[[ Dataset entries, beginning ]]

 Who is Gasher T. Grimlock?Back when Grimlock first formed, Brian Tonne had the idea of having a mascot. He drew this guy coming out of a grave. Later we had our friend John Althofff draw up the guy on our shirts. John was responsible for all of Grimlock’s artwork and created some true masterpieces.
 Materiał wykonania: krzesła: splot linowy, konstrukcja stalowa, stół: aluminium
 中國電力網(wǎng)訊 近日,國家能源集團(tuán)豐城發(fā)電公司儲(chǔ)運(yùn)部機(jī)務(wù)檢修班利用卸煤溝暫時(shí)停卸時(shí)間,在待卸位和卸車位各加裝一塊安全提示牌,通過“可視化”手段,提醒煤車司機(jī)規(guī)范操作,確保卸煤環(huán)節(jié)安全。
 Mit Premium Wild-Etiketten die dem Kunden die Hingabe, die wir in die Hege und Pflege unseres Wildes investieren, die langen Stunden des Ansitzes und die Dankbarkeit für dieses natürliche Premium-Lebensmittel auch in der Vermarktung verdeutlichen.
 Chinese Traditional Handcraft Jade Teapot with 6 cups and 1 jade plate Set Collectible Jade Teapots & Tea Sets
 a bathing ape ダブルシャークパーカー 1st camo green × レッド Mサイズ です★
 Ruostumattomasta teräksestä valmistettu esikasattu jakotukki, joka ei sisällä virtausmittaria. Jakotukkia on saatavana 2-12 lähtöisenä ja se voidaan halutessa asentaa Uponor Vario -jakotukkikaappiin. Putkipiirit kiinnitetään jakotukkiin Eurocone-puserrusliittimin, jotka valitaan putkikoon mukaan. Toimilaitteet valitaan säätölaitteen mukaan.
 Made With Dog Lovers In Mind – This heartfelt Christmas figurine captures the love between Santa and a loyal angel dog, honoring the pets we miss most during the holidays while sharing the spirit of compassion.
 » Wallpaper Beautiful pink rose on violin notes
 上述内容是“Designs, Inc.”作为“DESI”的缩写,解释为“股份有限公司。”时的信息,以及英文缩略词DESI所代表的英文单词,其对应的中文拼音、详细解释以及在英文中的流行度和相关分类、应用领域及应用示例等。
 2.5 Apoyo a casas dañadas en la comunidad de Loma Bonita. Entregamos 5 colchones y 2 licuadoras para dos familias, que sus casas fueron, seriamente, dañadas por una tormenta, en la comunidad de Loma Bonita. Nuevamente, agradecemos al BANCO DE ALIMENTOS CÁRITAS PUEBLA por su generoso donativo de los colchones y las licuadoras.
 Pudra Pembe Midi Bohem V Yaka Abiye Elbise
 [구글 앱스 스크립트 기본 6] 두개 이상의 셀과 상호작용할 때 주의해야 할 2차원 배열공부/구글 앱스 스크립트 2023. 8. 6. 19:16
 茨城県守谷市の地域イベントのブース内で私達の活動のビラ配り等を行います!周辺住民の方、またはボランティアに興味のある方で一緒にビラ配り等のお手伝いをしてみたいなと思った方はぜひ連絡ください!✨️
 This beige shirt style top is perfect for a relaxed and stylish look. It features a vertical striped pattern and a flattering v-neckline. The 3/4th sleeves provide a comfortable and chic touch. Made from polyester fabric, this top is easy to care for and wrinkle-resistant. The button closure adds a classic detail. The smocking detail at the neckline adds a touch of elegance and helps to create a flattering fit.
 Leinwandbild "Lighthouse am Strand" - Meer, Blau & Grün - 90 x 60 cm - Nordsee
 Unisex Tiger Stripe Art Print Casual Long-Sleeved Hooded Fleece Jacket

[[ Dataset entries, end ]]

**What you have to do**
Every line from the one holding "2.5 Apoyo a" through the final line of the listing must be echoed exactly; leave out all other lines.

**Written solution**
 2.5 Apoyo a casas dañadas en la comunidad de Loma Bonita. Entregamos 5 colchones y 2 licuadoras para dos familias, que sus casas fueron, seriamente, dañadas por una tormenta, en la comunidad de Loma Bonita. Nuevamente, agradecemos al BANCO DE ALIMENTOS CÁRITAS PUEBLA por su generoso donativo de los colchones y las licuadoras.
 Pudra Pembe Midi Bohem V Yaka Abiye Elbise
 [구글 앱스 스크립트 기본 6] 두개 이상의 셀과 상호작용할 때 주의해야 할 2차원 배열공부/구글 앱스 스크립트 2023. 8. 6. 19:16
 茨城県守谷市の地域イベントのブース内で私達の活動のビラ配り等を行います!周辺住民の方、またはボランティアに興味のある方で一緒にビラ配り等のお手伝いをしてみたいなと思った方はぜひ連絡ください!✨️
 This beige shirt style top is perfect for a relaxed and stylish look. It features a vertical striped pattern and a flattering v-neckline. The 3/4th sleeves provide a comfortable and chic touch. Made from polyester fabric, this top is easy to care for and wrinkle-resistant. The button closure adds a classic detail. The smocking detail at the neckline adds a touch of elegance and helps to create a flattering fit.
 Leinwandbild "Lighthouse am Strand" - Meer, Blau & Grün - 90 x 60 cm - Nordsee
 Unisex Tiger Stripe Art Print Casual Long-Sleeved Hooded Fleece Jacket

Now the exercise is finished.